Equilibrium World Models

We introduce \emph{Equilibrium World Models} (EWMs), a deep-learning method for globally solving dynamic stochastic models that feature rare disasters, binding constraints, and counterfactual states. Standard unsupervised neural-network-based solvers impose equilibrium conditions only on states generated by their own simulated policy. Their solutions can therefore be self-confirming: accurate on the simulated path, but untested off it, sensitive to initialization, and costly when expectations must be recomputed at each step. EWMs change the computational representation, not the economics. They enforce the model's exact equilibrium conditions on a broader, model-generated distribution of ordinary, rare, stressed, and counterfactual states. They carry the continuation with a learned surrogate, but certify the resulting policy strictly against the true equilibrium conditions. We provide an error decomposition, an off-path residual bound, and a convergence result linking self-confirming solutions to rational-expectations equilibria.

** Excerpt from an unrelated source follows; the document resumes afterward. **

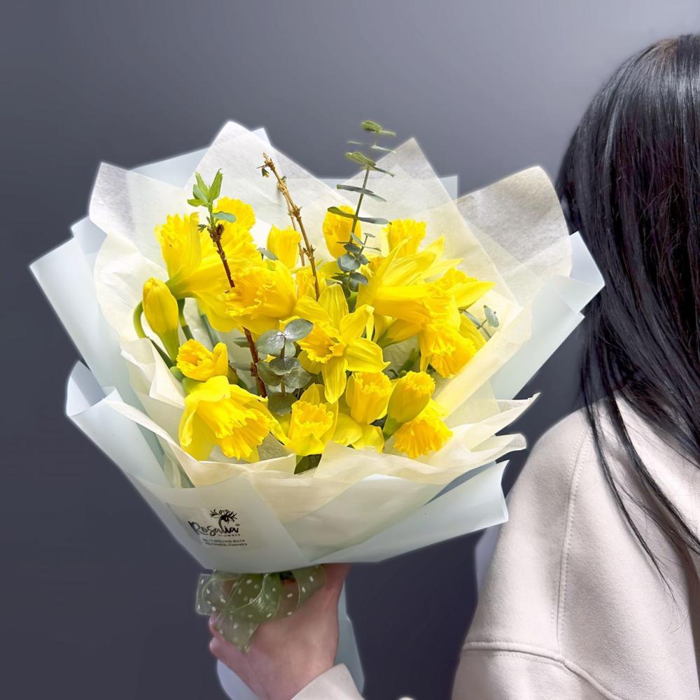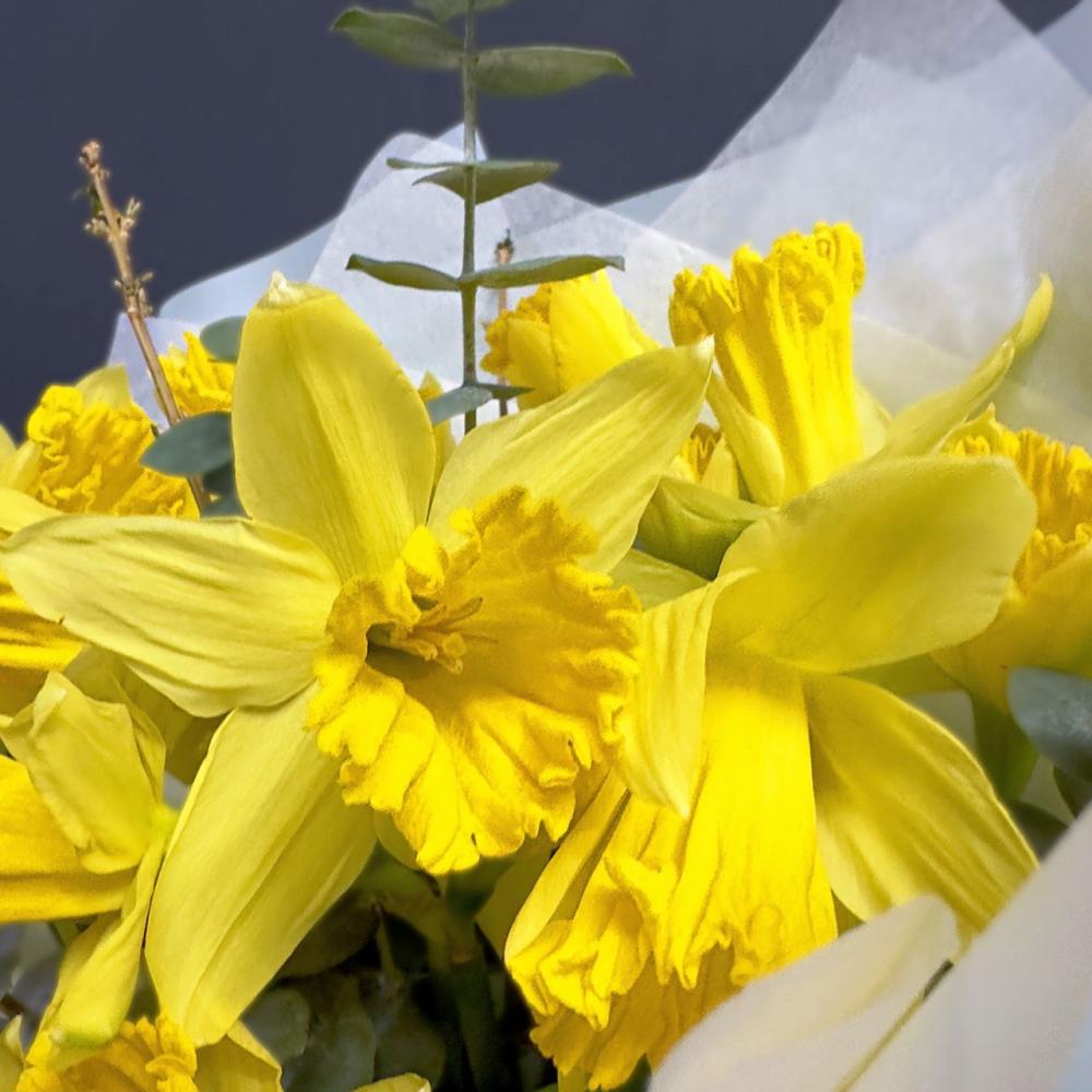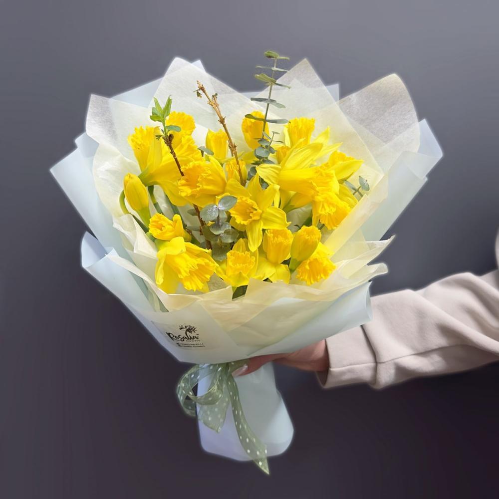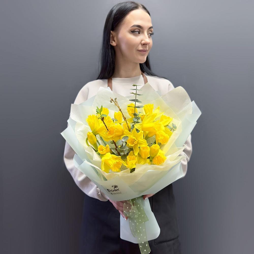 Солнечный букет из 21 нарцисса с добавлением эвкалипта Доставляется в транспортировочной коробке

We demonstrate EWMs through a sequence of test cases that isolate the main pathologies of classical deep-learning solvers and then scale them to richer economies. In a rare-disaster Brock--Mirman laboratory, coverage reduces disaster-region residuals by an order of magnitude. In a high-dimensional international real-business-cycle model, classical deep-learning solvers fail from all random starts, whereas EWMs converge from nearly all and evaluate continuations up to two orders of magnitude less often. When actions move transition measures, EWMs use action-conditioned continuations to recover the relevant policy margin. In a heterogeneous-agent economy with aggregate risk, EWMs compress the numerical representation of the wealth distribution by at least 25x while imposing exact full-distribution rational-expectations conditions.